*Information:*
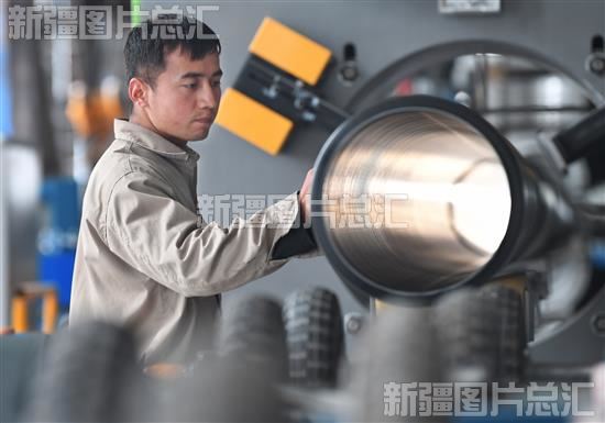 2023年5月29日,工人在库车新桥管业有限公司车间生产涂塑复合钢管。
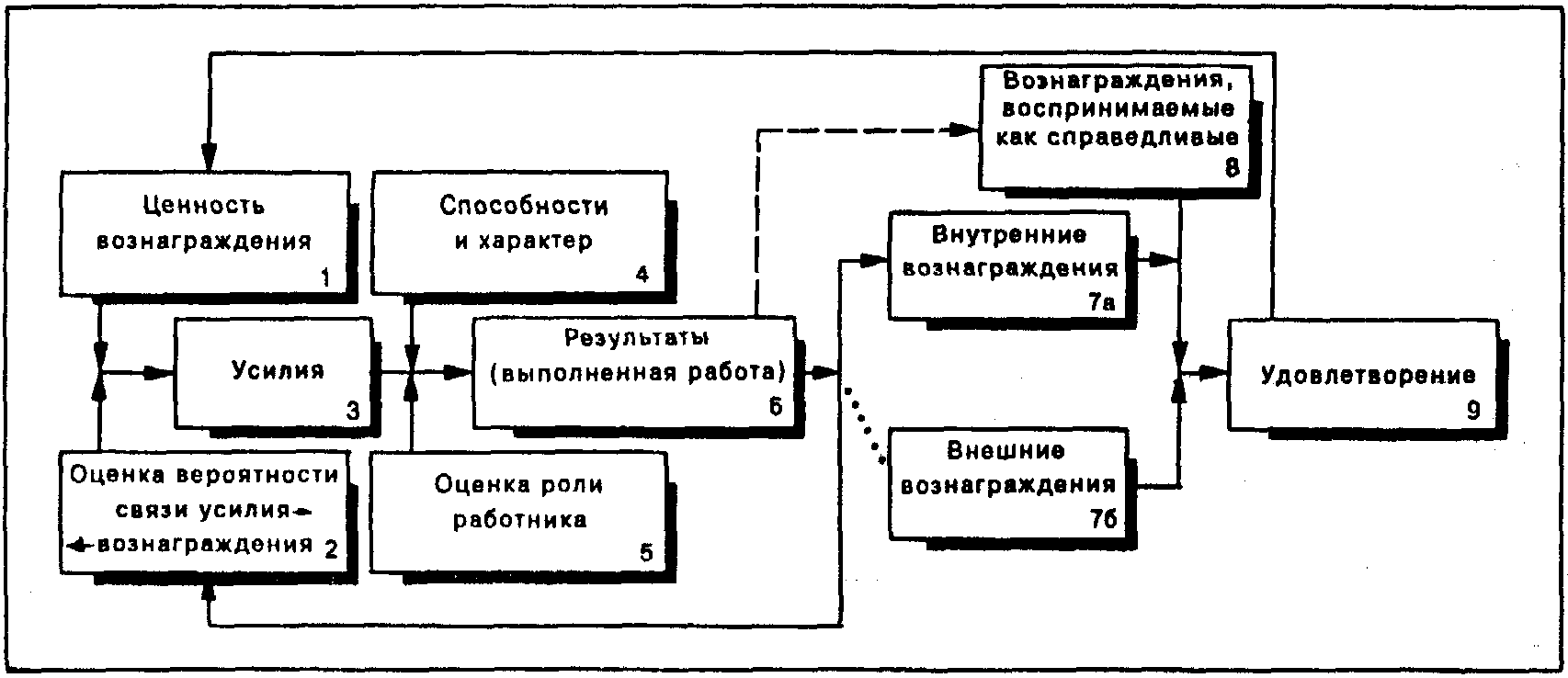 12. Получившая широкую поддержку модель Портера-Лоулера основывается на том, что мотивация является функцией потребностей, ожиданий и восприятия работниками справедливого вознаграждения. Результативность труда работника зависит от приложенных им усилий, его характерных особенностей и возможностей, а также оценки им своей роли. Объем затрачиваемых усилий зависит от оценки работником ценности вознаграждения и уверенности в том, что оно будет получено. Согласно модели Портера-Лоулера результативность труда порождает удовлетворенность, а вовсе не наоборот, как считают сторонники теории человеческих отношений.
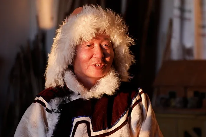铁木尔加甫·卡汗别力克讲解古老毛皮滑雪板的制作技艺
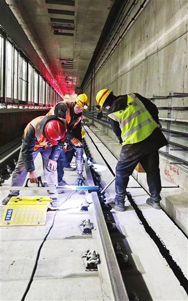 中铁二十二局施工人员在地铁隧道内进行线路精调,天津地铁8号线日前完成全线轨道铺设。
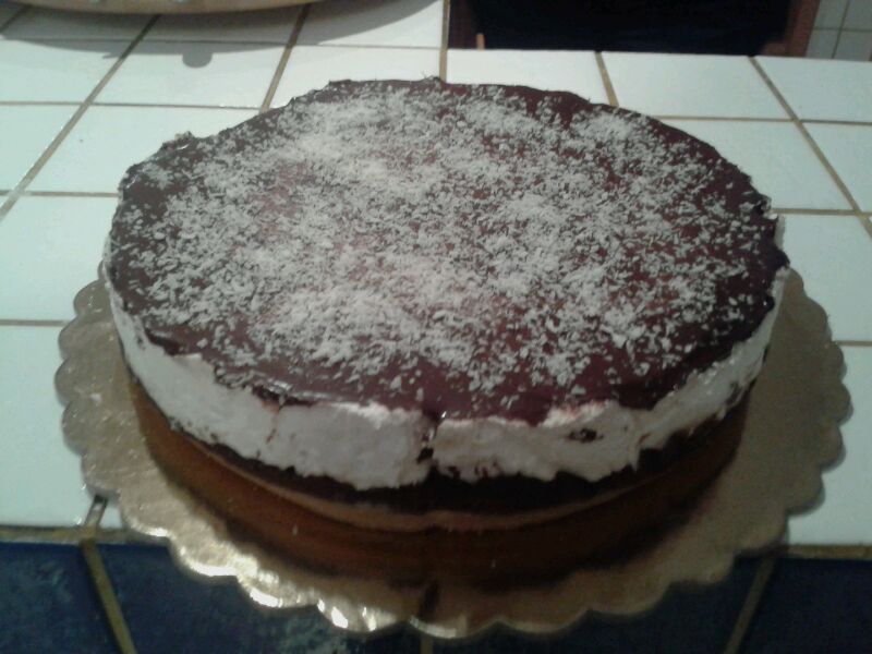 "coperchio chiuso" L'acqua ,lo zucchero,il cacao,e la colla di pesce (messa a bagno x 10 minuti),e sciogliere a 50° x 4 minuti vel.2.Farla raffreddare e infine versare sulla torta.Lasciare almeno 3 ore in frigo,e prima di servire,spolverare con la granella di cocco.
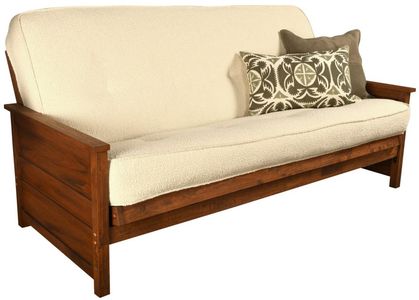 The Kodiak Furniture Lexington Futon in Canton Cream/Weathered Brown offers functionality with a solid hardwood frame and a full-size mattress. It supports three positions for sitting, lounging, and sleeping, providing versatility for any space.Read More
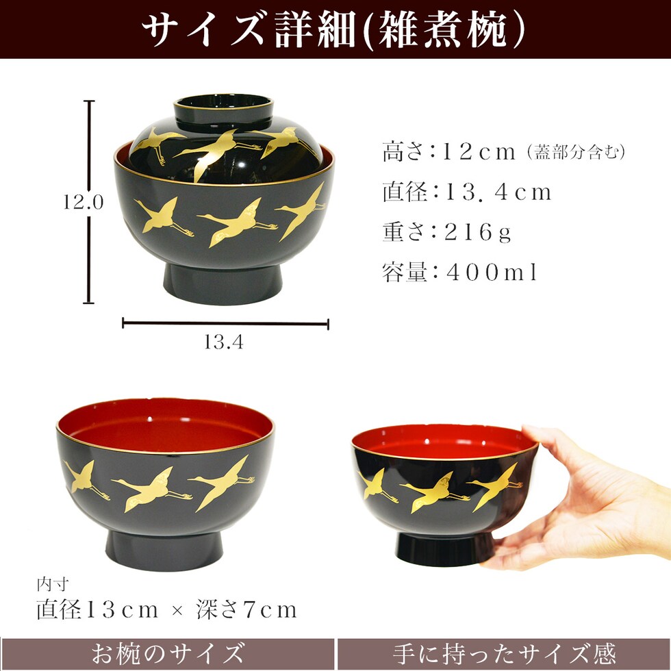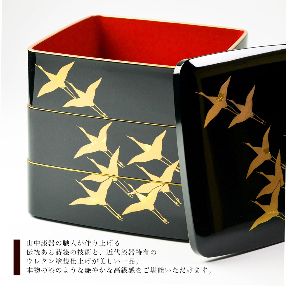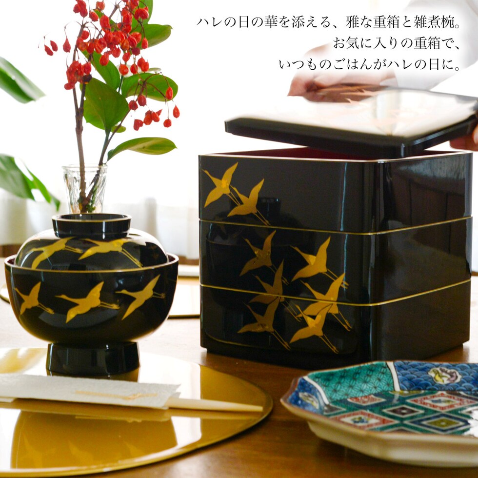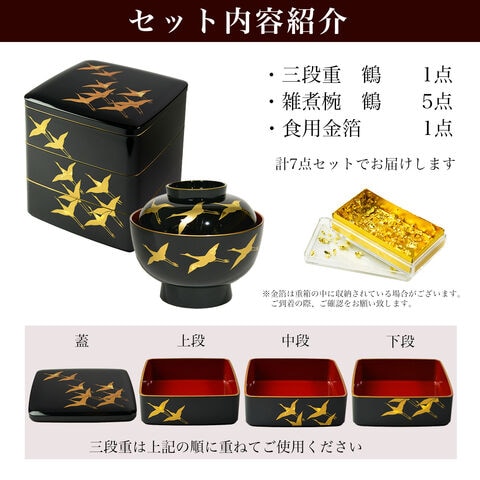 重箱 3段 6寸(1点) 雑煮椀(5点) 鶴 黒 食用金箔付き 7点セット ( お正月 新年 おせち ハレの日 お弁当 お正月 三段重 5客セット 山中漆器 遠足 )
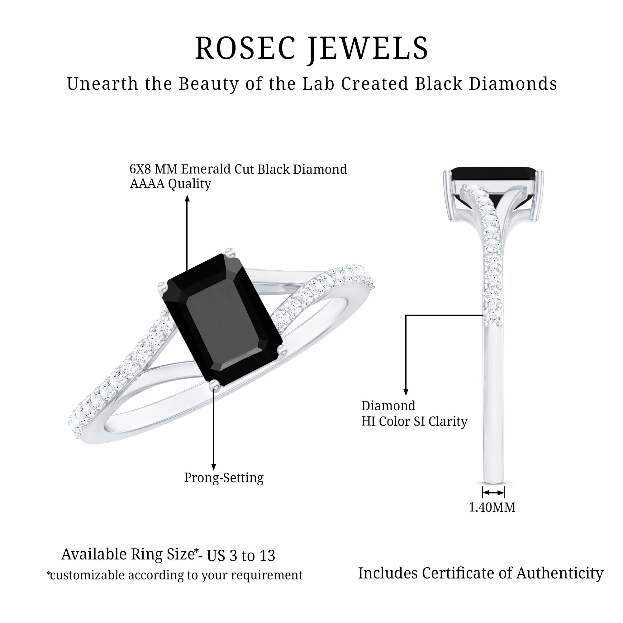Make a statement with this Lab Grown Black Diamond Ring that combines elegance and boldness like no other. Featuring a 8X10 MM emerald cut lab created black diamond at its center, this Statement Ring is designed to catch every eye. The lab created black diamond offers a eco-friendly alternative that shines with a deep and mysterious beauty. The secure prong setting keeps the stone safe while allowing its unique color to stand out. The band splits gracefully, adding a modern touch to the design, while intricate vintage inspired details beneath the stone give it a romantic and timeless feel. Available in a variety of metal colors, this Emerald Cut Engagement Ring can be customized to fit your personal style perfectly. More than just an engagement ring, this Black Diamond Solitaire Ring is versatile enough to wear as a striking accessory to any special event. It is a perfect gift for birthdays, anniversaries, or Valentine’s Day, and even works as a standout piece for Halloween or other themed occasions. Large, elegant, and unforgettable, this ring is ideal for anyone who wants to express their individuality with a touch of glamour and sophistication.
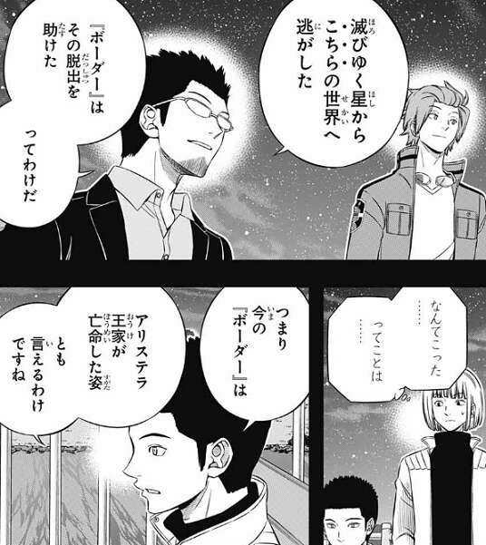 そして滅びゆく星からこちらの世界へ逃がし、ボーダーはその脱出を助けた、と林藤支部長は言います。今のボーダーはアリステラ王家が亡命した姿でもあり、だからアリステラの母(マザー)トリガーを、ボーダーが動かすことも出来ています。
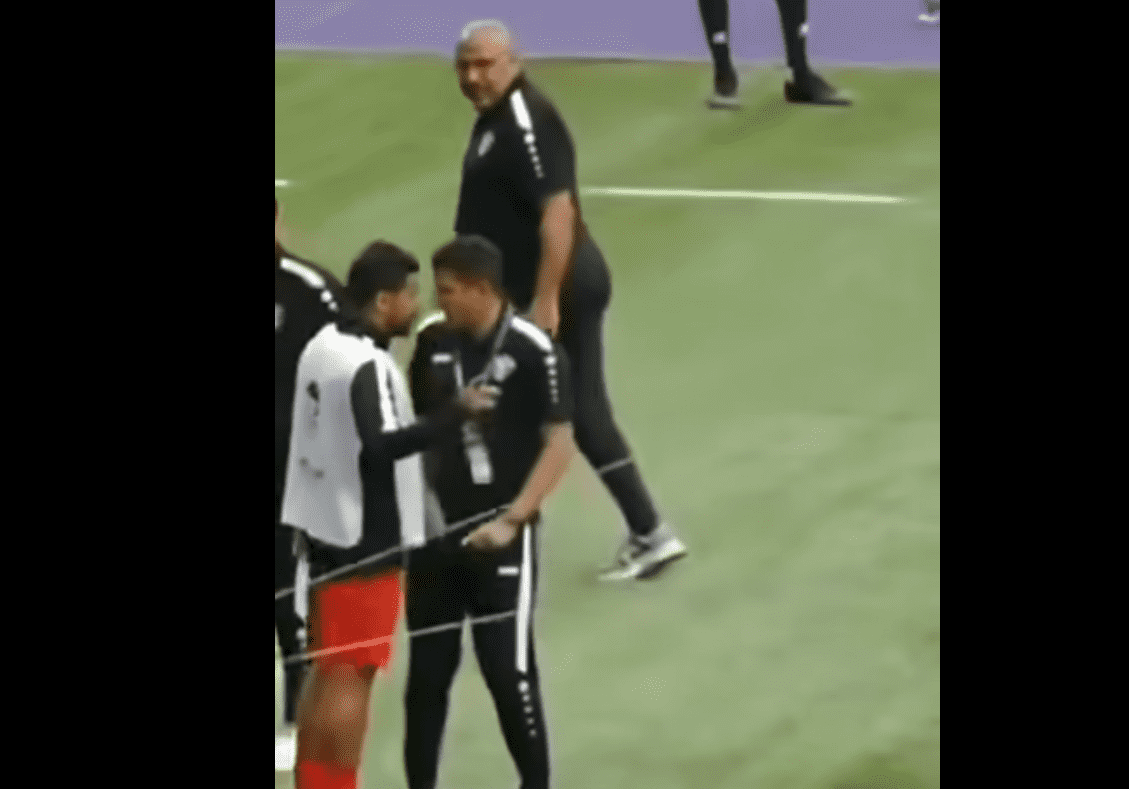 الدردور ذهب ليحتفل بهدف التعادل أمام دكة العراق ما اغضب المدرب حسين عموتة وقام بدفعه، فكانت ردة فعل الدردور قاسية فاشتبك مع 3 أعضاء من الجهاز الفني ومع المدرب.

*Task details:* Return, exactly as they stand, the lines above from the one with "granella di cocco." to the one with "重箱 3段 6寸(1点)", omitting any pictures among them.

*Expected answer:*
 "coperchio chiuso" L'acqua ,lo zucchero,il cacao,e la colla di pesce (messa a bagno x 10 minuti),e sciogliere a 50° x 4 minuti vel.2.Farla raffreddare e infine versare sulla torta.Lasciare almeno 3 ore in frigo,e prima di servire,spolverare con la granella di cocco.
 The Kodiak Furniture Lexington Futon in Canton Cream/Weathered Brown offers functionality with a solid hardwood frame and a full-size mattress. It supports three positions for sitting, lounging, and sleeping, providing versatility for any space.Read More
 重箱 3段 6寸(1点) 雑煮椀(5点) 鶴 黒 食用金箔付き 7点セット ( お正月 新年 おせち ハレの日 お弁当 お正月 三段重 5客セット 山中漆器 遠足 )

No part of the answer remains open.